◆ RAW DATA:
******

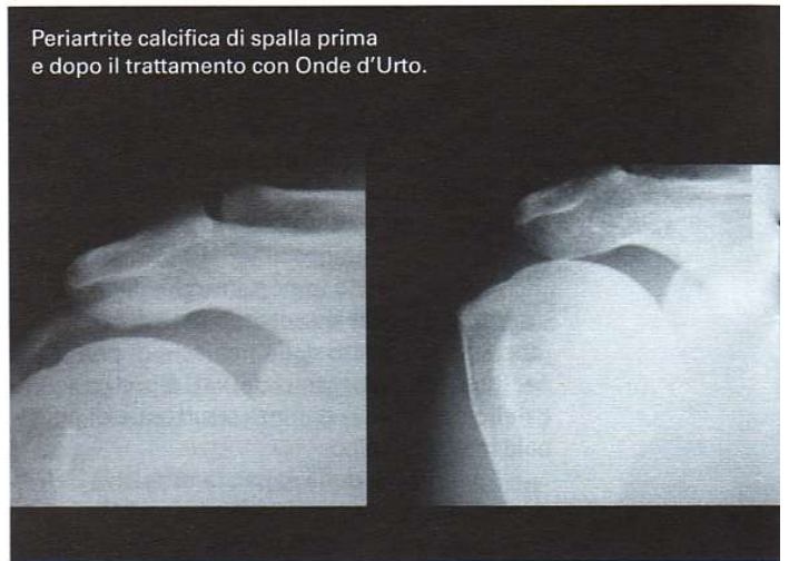
Periartrite calcifica di spalla prima e dopo il trattamento con Onde d'Urto.
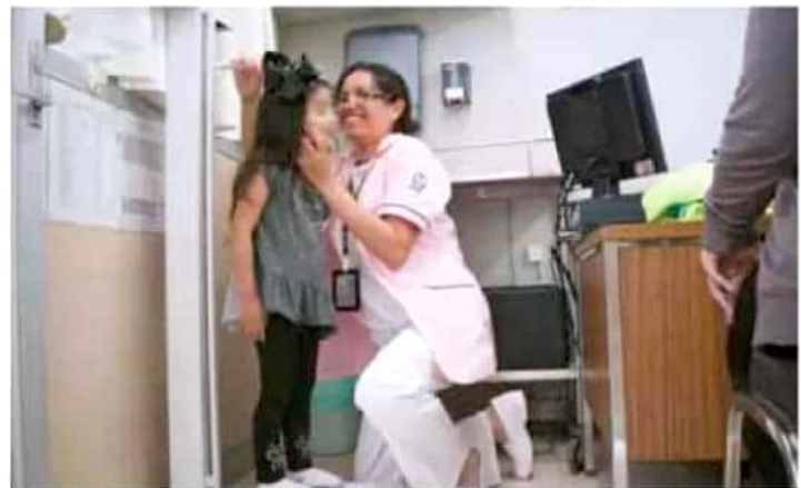
Niños de entre tres y ocho años, los más propensos a sufrir accidentes en el hogar.

Dijo que las consultas en Urgencias aumentan de 35 a 50 al día en los hospitales del IMSS en la entidad, por lo que las autoridades decidieron alertar y concientizar a los adultos sobre el cuidado que deben tener en el periodo vacacional.

******

◆ AIM OF THE EXERCISE:
Copy the material shown above in full and exactly. Skip the pictures.

◆ OUTPUT BELOW:
Periartrite calcifica di spalla prima e dopo il trattamento con Onde d'Urto.
Niños de entre tres y ocho años, los más propensos a sufrir accidentes en el hogar.

Dijo que las consultas en Urgencias aumentan de 35 a 50 al día en los hospitales del IMSS en la entidad, por lo que las autoridades decidieron alertar y concientizar a los adultos sobre el cuidado que deben tener en el periodo vacacional.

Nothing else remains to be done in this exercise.